Ask HN: What are you using for backups? - brtkdotse
My new computer is arriving soon and I’d like to have backups running on it from day 1. Right now I have a manual process where I dump stuff on S3, but I’d much rather pay someone trustworthy so I don’t have to think about it.<p>Backblaze and Crashplan are two options that have come up, anything else? I’m ruling out Dropbox&#x2F;OneDrive&#x2F;iCloud since I want one-way sync (lots of heavy audio files that I work on extensively)
======
dangus
I don’t personally like “whole system” backup services like Backblaze Backup
and Crashplan. They end up backing up too much system cruft that I don’t care
about. And it’s not like they create a beautiful bootable image or anything,
right? Also watch for the “unlimited” plans. If historical deletions are
important to you, these aren’t a fit. Files you delete on your system
eventually get deleted in backups, too.

I find that most data is better kept elsewhere (bookmarks in browser sync
tools, email and contacts with email provider, personal documents in cloud
providers, multimedia - yes, copied to multiple external drives or a NAS, S3 -
maybe write a script and schedule it).

I used Arq Backup for about a year and while I liked the idea, the UI is
absolutely awful and the restores were painfully slow. It’s way too hard to
control the backup behavior to do what you want. I didn’t feel like I could
trust that the data was going to be reliably restored.

For system migrations, I just use target disk mode to go from old Mac to new
with the migration assistant, which is also stupidly fast between Thunderbolt
3 SSD Macs if you’re using a proper cable (300MB/second for me). Very nice for
when you want to satisfy your new computer excitement.

I feel that time machine has the same utility, or to provide backups to non-
technical users who either refuse the cloud or don’t know how to work a file
manager (or both).

This could be a pain but depending on your needs: an often forgotten option to
look into is Blu-ray Discs. They could be a nice option especially for
redundant long term storage and the price per gigabyte is very low.

------
CyberFonic
I dislike the idea of backing up my data on other people's computers and disk
drives. And paying for all that internet bandwidth is another negative.
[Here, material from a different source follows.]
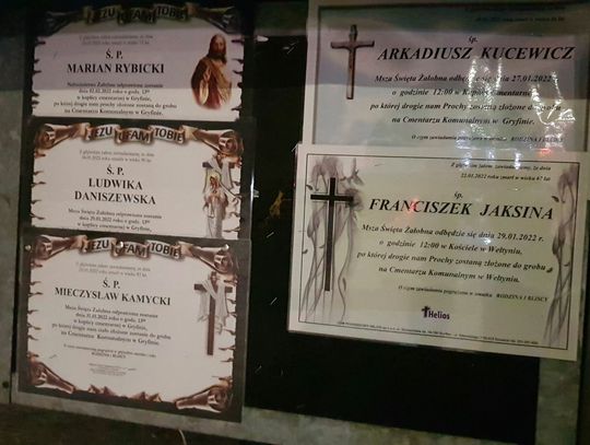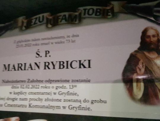 Nabożeństwo żałobne odprawione zostanie 2 lutego 2022 r. o godz. 13.00 w kaplicy cmentarnej w Gryfinie.

So I have several USB3 external hard drives which I backup to in rotation,
more or less the same sequence as we used to do with LTO tapes. On Apple Macs
I use TimeMachine and on the Linux servers some custom scripts which basically
achieve the same result.

Of course, the backup scripts exclude temporary and other non-essential files.
The other key factor is to monitor drive errors and being aware of the MTBF of
disk drives and replace them before they become unreliable.

------
tastroder
I'm personally happy with rsync.net for offsite backup storage of my personal
stuff, they're active on HN and decently priced imho. My use case consists of
random rsync/sftp selective backups and bare git repositories. Not sure how
great the experience is with large media assets but if it's in the price range
you're willing to put up, they seem quite dedicated to the backup use case and
support is supposedly good if you ever run into problems. I've never had to
contact them though, it was pretty much setup and forget.

------
zzo38computer
I use DVDs for backups. All of my files (when compressed in tape archives) fit
on three DVDs (one for /home, one for /var, and one for all other files; this
includes all system files too).

However, you might have more files than I have, so DVDs might not be suitable
for you. See how many files you have so that you can see how many DVDs you
would need, and then you can see if it is suitable for you or not.

------
thegeekbin
I’m using restic and b2 to backup anything important I care about. All system
junk I don’t bother to backup. All in all, I’m paying around $8/month to
backup my important documents, photos etc. Restic lets me encrypt them as
well, so bonus points definitely.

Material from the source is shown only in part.